Cleaner, greener chemical reactions ready for organic synthesis and industry

Ethyl acetate is a compound with industrial significance used either as a solvent or a reaction intermediate.

Current means of producing ethyl acetate, however, rely on processes such as the esterification of acetic acid with ethanol, a procedure that requires the use of a petrochemical and expensive additional distillation steps to arrive at a solvent of the desired purity for industrial applications.

Researchers at KAUST are working on ways to make this esterification process greener and more efficient. That is how a new class of pincer­type ligands has been discovered.
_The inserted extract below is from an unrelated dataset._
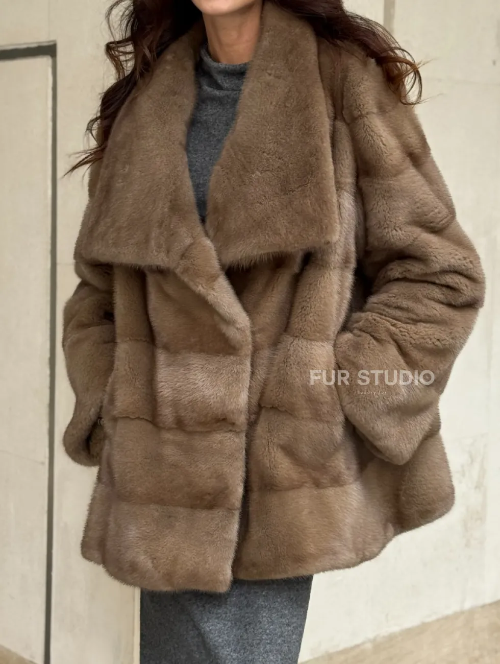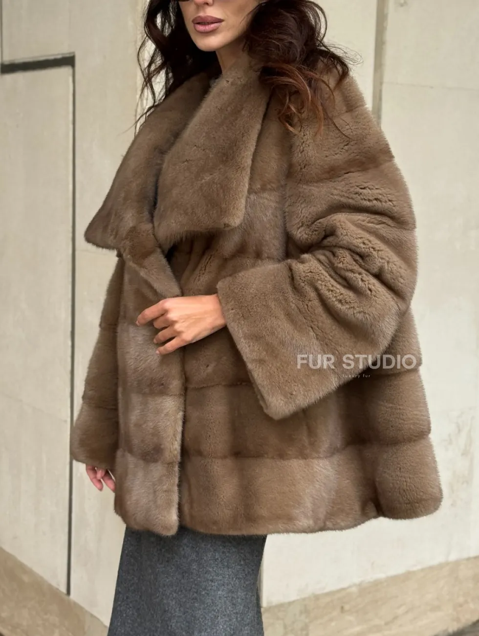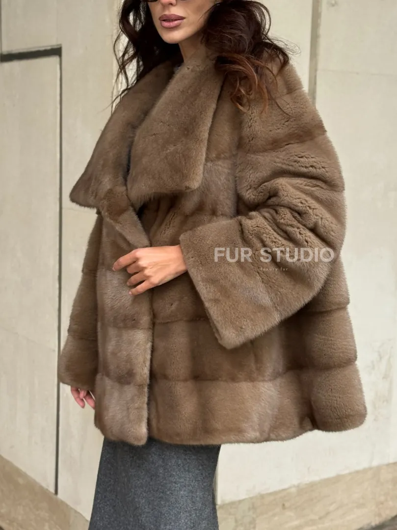 Мех данной шубы аукционная норка , цвет бежевый. Предлагается в размерах от 42 до 46. Длина модели 65-70 см, что выгодно подчеркивает фигуру девушек. Эта модель идеально подойдет для девушек и женщин, предпочитающих роскошные натуральные меха.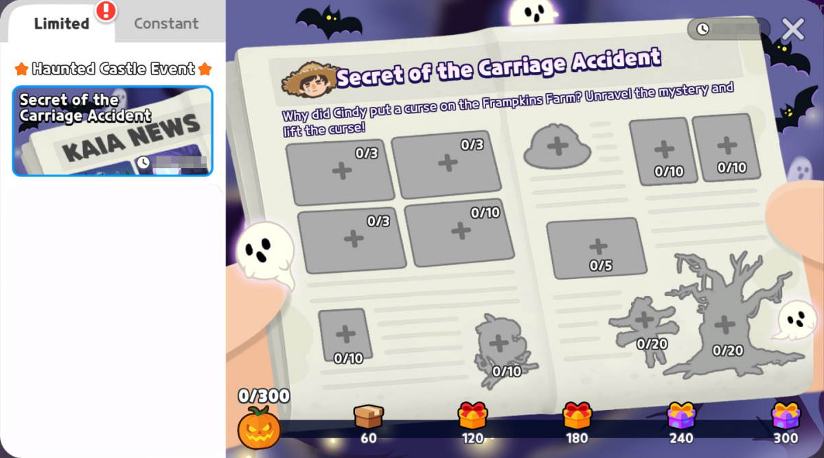 一定数の闇の晩餐を集めると、「呪われた幽霊城」ハウスと「呪われたかぼちゃの馬車」乗り物を獲得できます。

This work has earned the first KAUST issued patent and is poised to move into industrial application.

Technology Summary

The subject technology is a new class of ligands and their corresponding ruthenium catalysts capable of catalyzing a variety of dehydrogenation reactions.


How It Works

The pincer complexes are based on different metals that are suitable for different applications, including ethanol to ethyl acetate, selective hydrogen generation from formic acid, ethylene polymerization, 1,3­butadiene polymerization to 1,4­cis­polybutadiene, etc. These reactions are very efficient, converting nearly all of the initial substrates into the desired products suitable for industrial use.



Why It Is Better

In the case of the production of ethyl acetate, this new class of pincer ligand when complexed with various metals it allows direct conversion of ethanol through a “dehydrogenative coupling” process. The reaction utilizes ethanol, which can be a bio­renewable compound, and as a result, provides more sustainable reaction that does not rely on petrochemicals.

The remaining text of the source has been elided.